Excerpted data
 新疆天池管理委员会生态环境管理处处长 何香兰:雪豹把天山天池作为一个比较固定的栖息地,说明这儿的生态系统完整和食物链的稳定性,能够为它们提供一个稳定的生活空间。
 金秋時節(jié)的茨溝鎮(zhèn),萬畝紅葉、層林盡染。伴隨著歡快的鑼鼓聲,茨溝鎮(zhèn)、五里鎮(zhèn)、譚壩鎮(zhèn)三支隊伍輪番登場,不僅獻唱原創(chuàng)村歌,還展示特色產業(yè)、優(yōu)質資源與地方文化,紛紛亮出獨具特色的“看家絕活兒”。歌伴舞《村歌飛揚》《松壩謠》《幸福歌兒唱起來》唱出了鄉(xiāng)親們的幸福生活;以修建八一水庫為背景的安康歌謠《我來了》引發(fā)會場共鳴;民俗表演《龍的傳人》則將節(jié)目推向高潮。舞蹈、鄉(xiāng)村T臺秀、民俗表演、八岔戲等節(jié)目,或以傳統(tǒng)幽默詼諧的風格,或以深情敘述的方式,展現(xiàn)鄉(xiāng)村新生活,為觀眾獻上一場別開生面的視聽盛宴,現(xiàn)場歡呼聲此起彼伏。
--
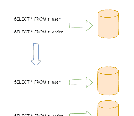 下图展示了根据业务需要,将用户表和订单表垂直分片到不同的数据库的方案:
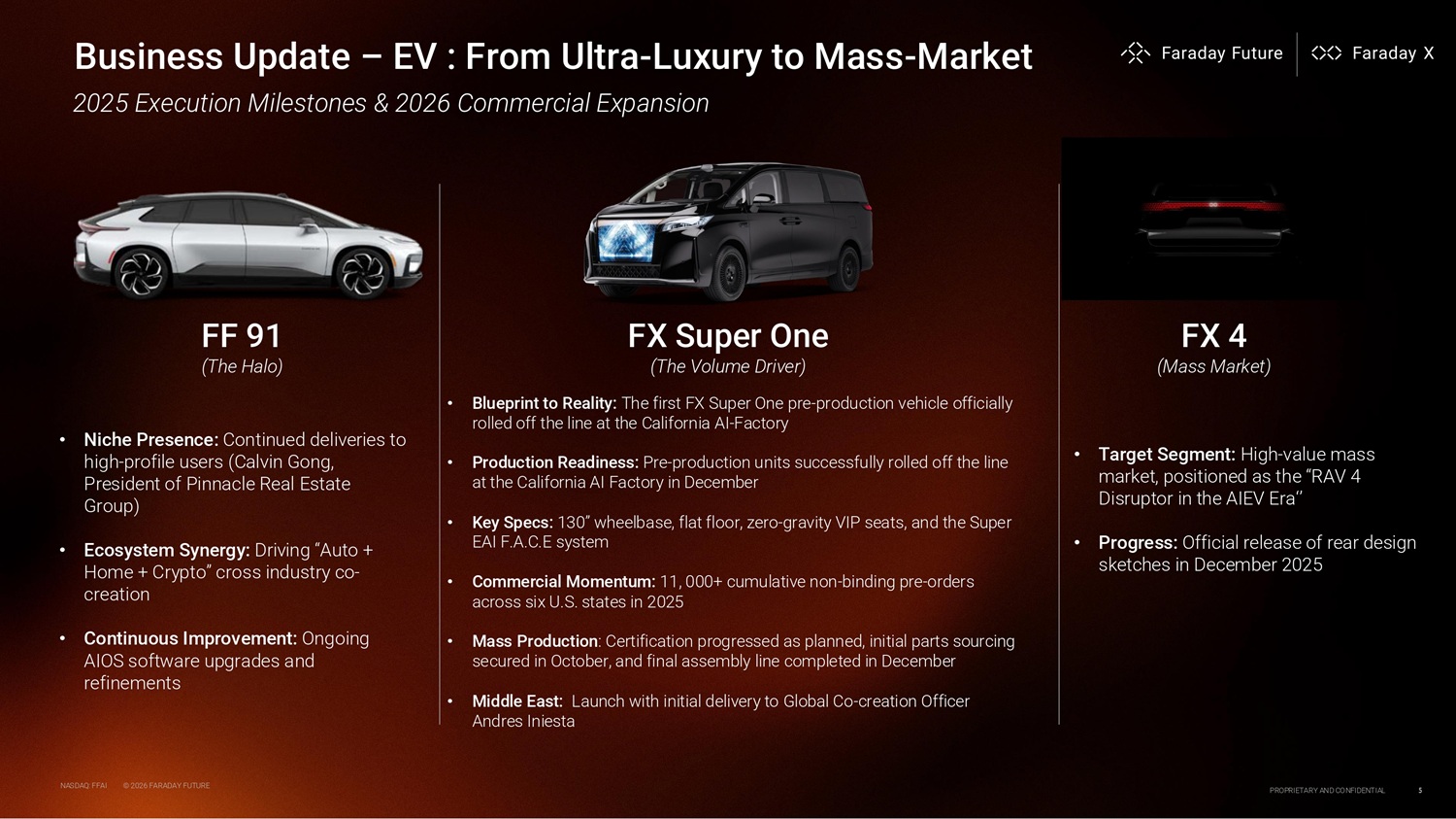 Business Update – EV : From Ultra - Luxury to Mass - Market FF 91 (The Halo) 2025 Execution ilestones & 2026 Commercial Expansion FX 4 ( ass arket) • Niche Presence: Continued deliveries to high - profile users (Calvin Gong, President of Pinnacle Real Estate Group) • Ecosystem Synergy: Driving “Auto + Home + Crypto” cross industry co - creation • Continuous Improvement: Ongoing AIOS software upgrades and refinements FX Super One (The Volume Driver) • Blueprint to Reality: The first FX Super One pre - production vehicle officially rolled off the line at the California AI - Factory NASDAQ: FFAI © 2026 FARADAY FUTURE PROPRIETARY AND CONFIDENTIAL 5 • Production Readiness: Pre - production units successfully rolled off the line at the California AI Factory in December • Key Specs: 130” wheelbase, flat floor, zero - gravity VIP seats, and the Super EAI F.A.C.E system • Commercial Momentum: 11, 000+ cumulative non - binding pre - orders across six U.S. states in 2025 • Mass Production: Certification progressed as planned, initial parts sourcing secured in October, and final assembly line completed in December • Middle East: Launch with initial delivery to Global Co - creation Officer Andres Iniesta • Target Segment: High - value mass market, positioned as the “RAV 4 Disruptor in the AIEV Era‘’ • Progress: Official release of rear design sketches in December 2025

Work task
Set down, from the entries above, exactly the lines from the one with "新疆天池管理委员会生态环境管" up to and including the one with "金秋時節(jié)的茨溝鎮(zhèn),萬畝紅葉、層林盡", and no other lines.

Output
 新疆天池管理委员会生态环境管理处处长 何香兰:雪豹把天山天池作为一个比较固定的栖息地,说明这儿的生态系统完整和食物链的稳定性,能够为它们提供一个稳定的生活空间。
 金秋時節(jié)的茨溝鎮(zhèn),萬畝紅葉、層林盡染。伴隨著歡快的鑼鼓聲,茨溝鎮(zhèn)、五里鎮(zhèn)、譚壩鎮(zhèn)三支隊伍輪番登場,不僅獻唱原創(chuàng)村歌,還展示特色產業(yè)、優(yōu)質資源與地方文化,紛紛亮出獨具特色的“看家絕活兒”。歌伴舞《村歌飛揚》《松壩謠》《幸福歌兒唱起來》唱出了鄉(xiāng)親們的幸福生活;以修建八一水庫為背景的安康歌謠《我來了》引發(fā)會場共鳴;民俗表演《龍的傳人》則將節(jié)目推向高潮。舞蹈、鄉(xiāng)村T臺秀、民俗表演、八岔戲等節(jié)目,或以傳統(tǒng)幽默詼諧的風格,或以深情敘述的方式,展現(xiàn)鄉(xiāng)村新生活,為觀眾獻上一場別開生面的視聽盛宴,現(xiàn)場歡呼聲此起彼伏。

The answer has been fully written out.